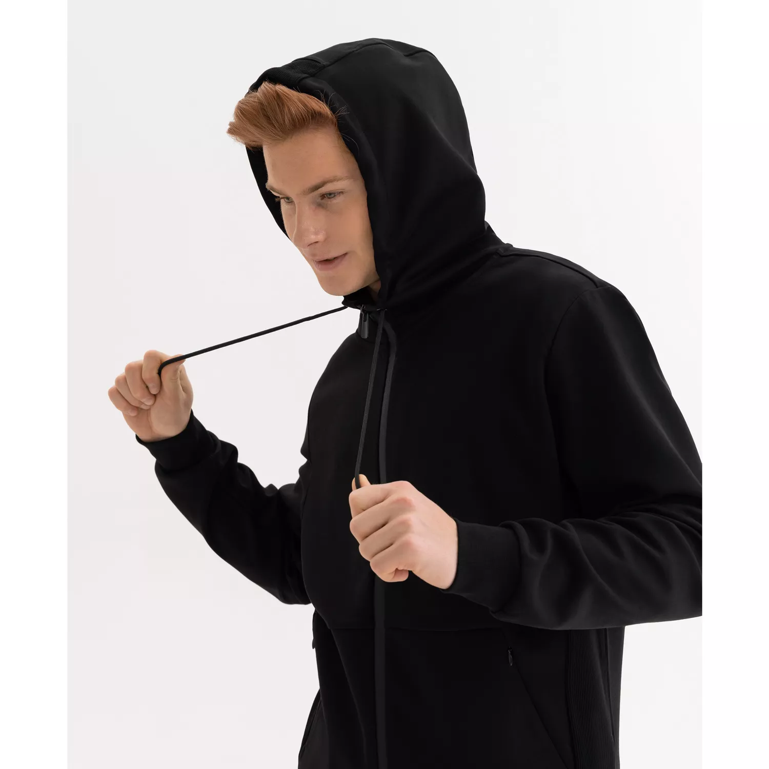 Толстовка сделана из мягкой и прочной ткани интерлок "doubleface", которая приятна к телу и легка в уходе, не растягивается, не выцветает и не деформируется после стирки. Манжеты и низ сделаны из плотной резинки 2х2, благодаря чему вещь держит форму. Карманы на потайных молниях придают толстовке аккуратный вид. Капюшон на подкладке из ткани джерси в тон регулируется шнурками.
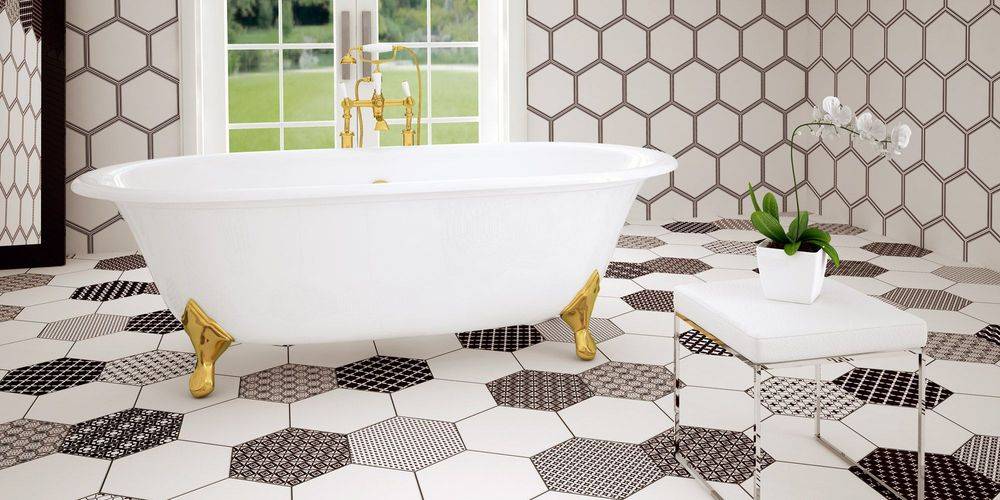 Что касается размеров плитки, то здесь строгих требований нет, хотя использовать слишком крупные элементы не рекомендуется. Оптимальный выбор – прямоугольная плитка 75х150 мм и квадратная 200х200 мм. Использование прямоугольной плитки позволяет зрительно расширить ванную, а комбинирование квадратных и прямоугольных элементов повышает декоративность отделки. Но наибольший эффект дает плитка нестандартной формы, например, в виде пчелиных сот.
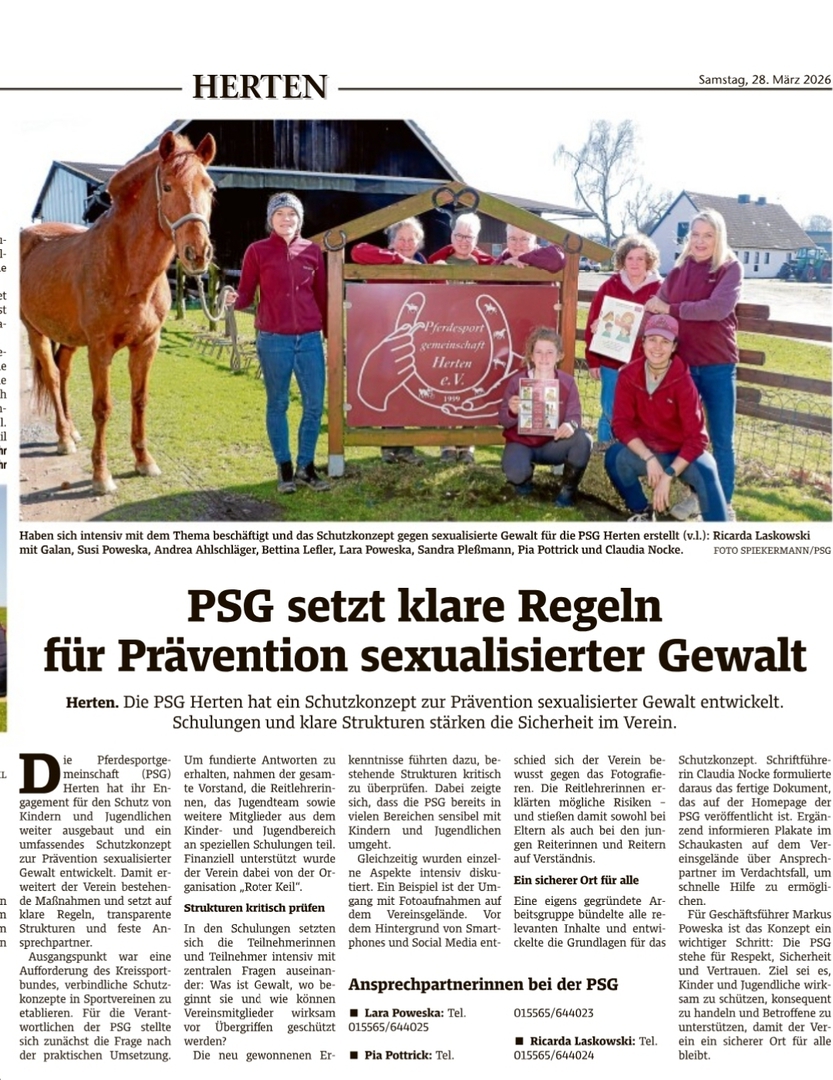 Die Pferdesportgemeinschaft Herten e.V. setzt sich mit Leidenschaft für die Ausbildung von Kindern und Jugendlichen ein. Damit unser Nachwuchs auch weiterhin sicher
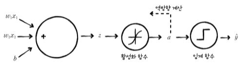마지막 단계에서 샘풀을 이진 분류하기 위하여 계단함수를 사용
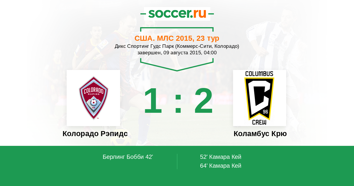 Протокол матча Колорадо Рэпидс против Коламбус Крю
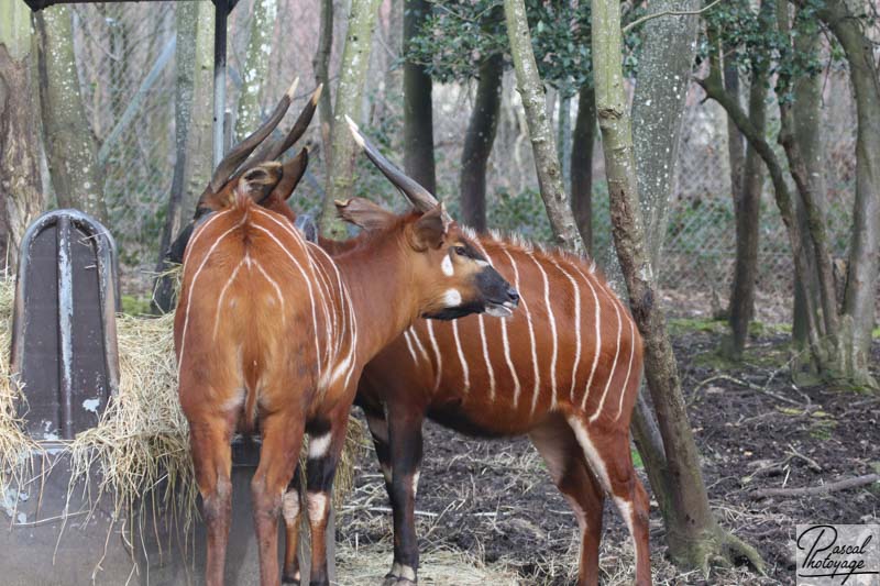 Son pelage roux est parcouru de 10 à 15 rayures blanches verticales entre l’encolure et la croupe et une crête de poils lui parcourt le dos le long de sa colonne vertébrale. Contrairement à la plupart des espèces d’antilopes, chez le bongo, mâles et femelles possèdent des cornes. Ses cornes peuvent mesurer jusqu'à 1 mètre.
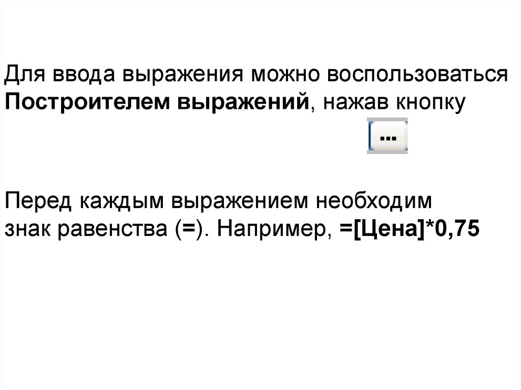 знак равенства (=). Например, =[Цена]*0,75
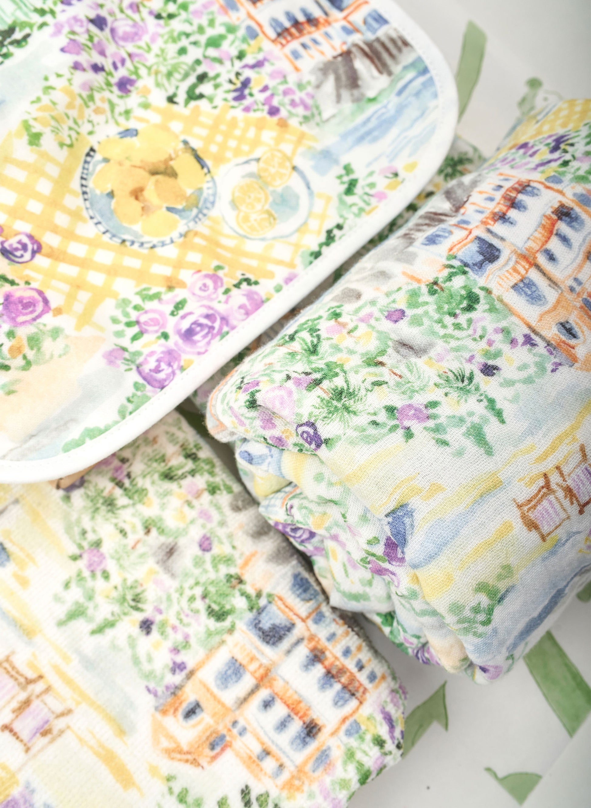 The Perfect Bib is constructed with a buttery soft cotton terry layer on the back and a beautiful printed muslin front, are absorbent yet elegant.
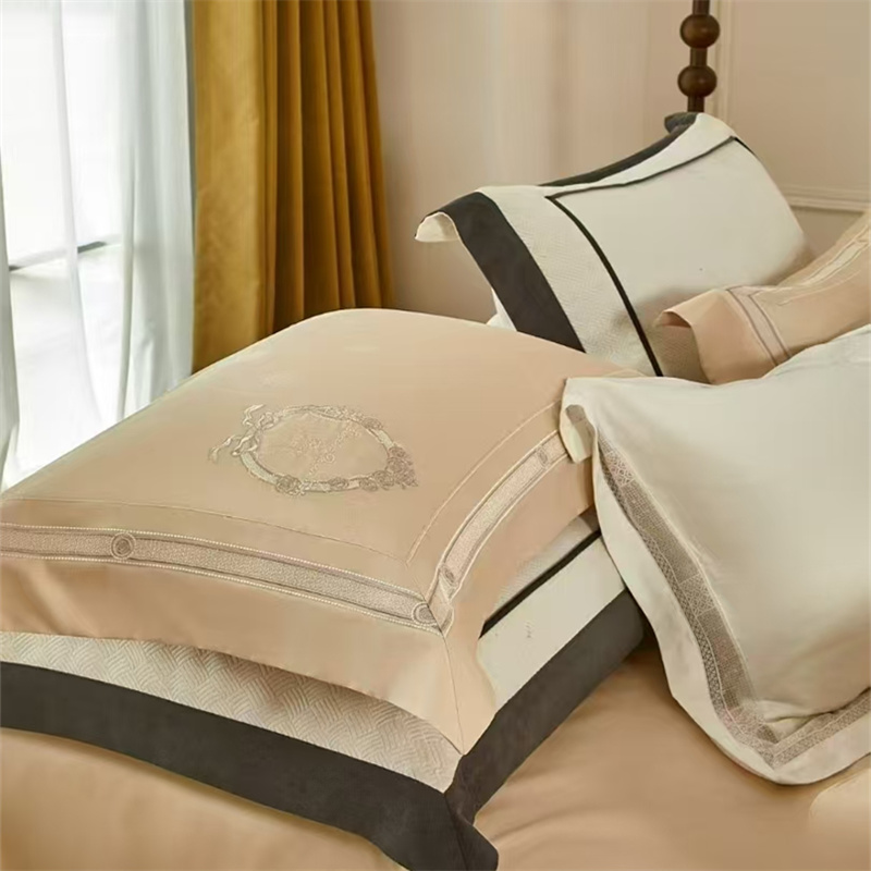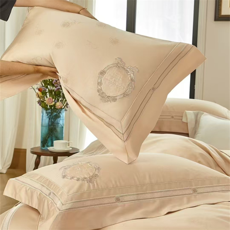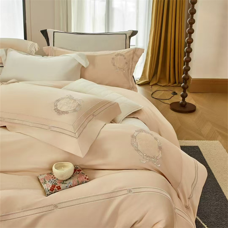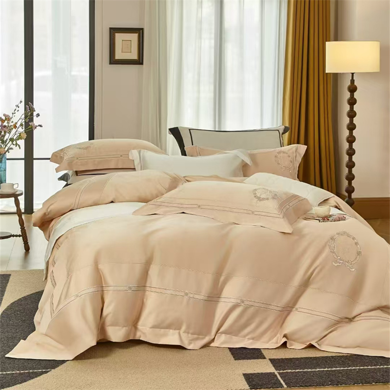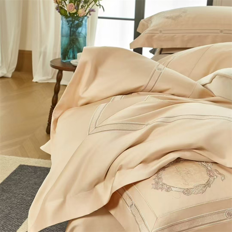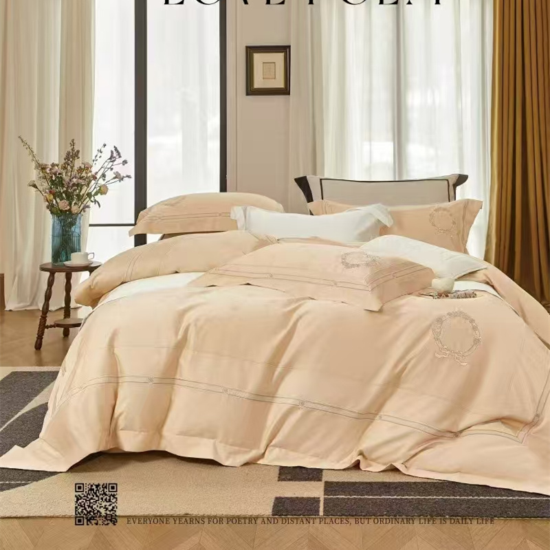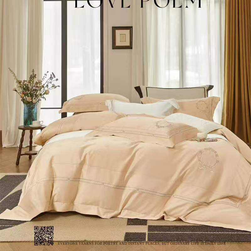 (总)玖玖爱家纺 2023新款120支贡缎长绒棉刺绣梦柔系列四件套,梦柔-香槟金,梦柔-香橙桔,梦柔-高级灰,梦柔-水蓝,梦柔-芙蓉玉
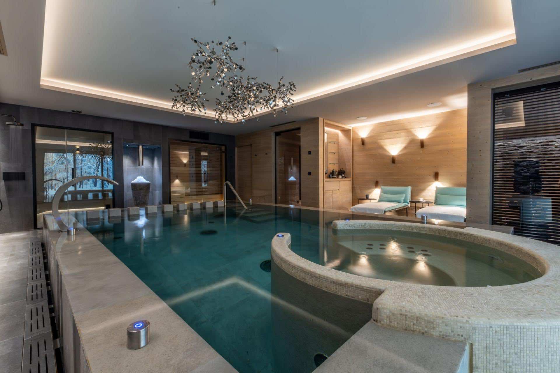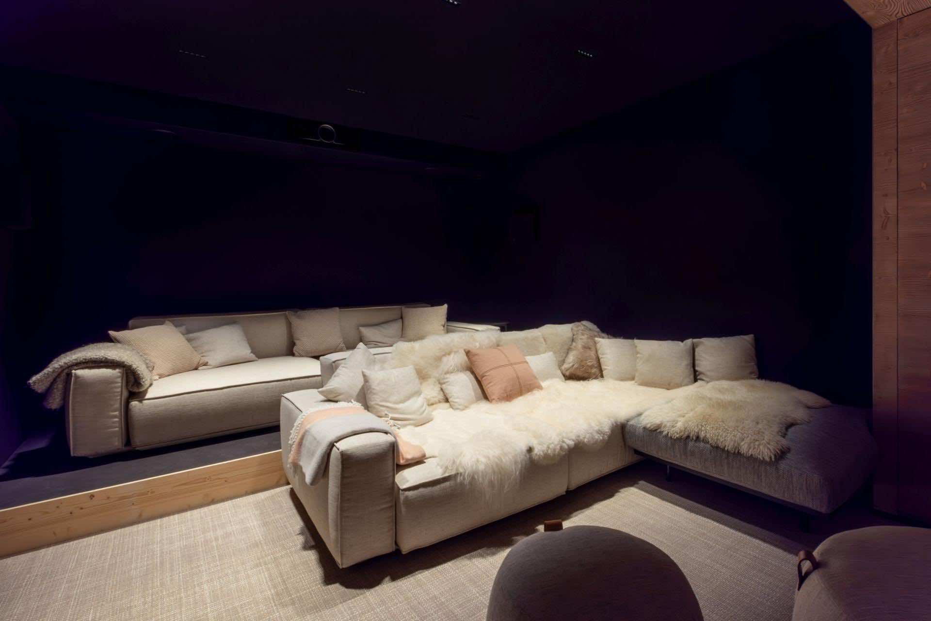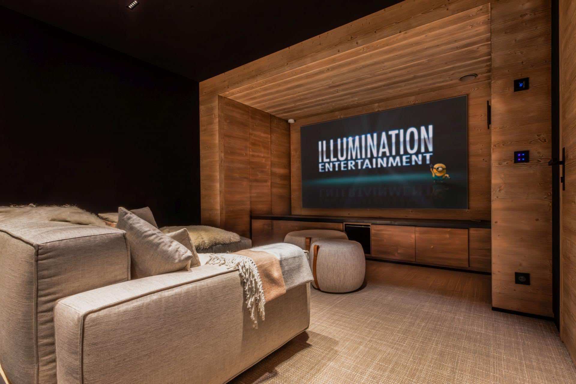 The chalet’s pièce de résistance is its exquisite spa and wellness area, created for complete relaxation and rejuvenation. The indoor pool, set against a striking faux mountain backdrop, provides a tranquil escape, with an enclosed seating area and massage jets to soothe tired muscles. A sauna, Hammam, and calm relaxation zone offer further opportunities to unwind, while a well-equipped fitness area caters to guests looking to stay active. As evening falls, gather in the plush cinema room, where deep, comfortable sofas invite you to settle in for a cozy film night.
———
## Your instructions
From the line with "The Perfect Bib" to the final line of the entries above, reproduce each line exactly and nothing else; the pictures stay out.

## The answer
 The Perfect Bib is constructed with a buttery soft cotton terry layer on the back and a beautiful printed muslin front, are absorbent yet elegant.
 (总)玖玖爱家纺 2023新款120支贡缎长绒棉刺绣梦柔系列四件套,梦柔-香槟金,梦柔-香橙桔,梦柔-高级灰,梦柔-水蓝,梦柔-芙蓉玉
 The chalet’s pièce de résistance is its exquisite spa and wellness area, created for complete relaxation and rejuvenation. The indoor pool, set against a striking faux mountain backdrop, provides a tranquil escape, with an enclosed seating area and massage jets to soothe tired muscles. A sauna, Hammam, and calm relaxation zone offer further opportunities to unwind, while a well-equipped fitness area caters to guests looking to stay active. As evening falls, gather in the plush cinema room, where deep, comfortable sofas invite you to settle in for a cozy film night.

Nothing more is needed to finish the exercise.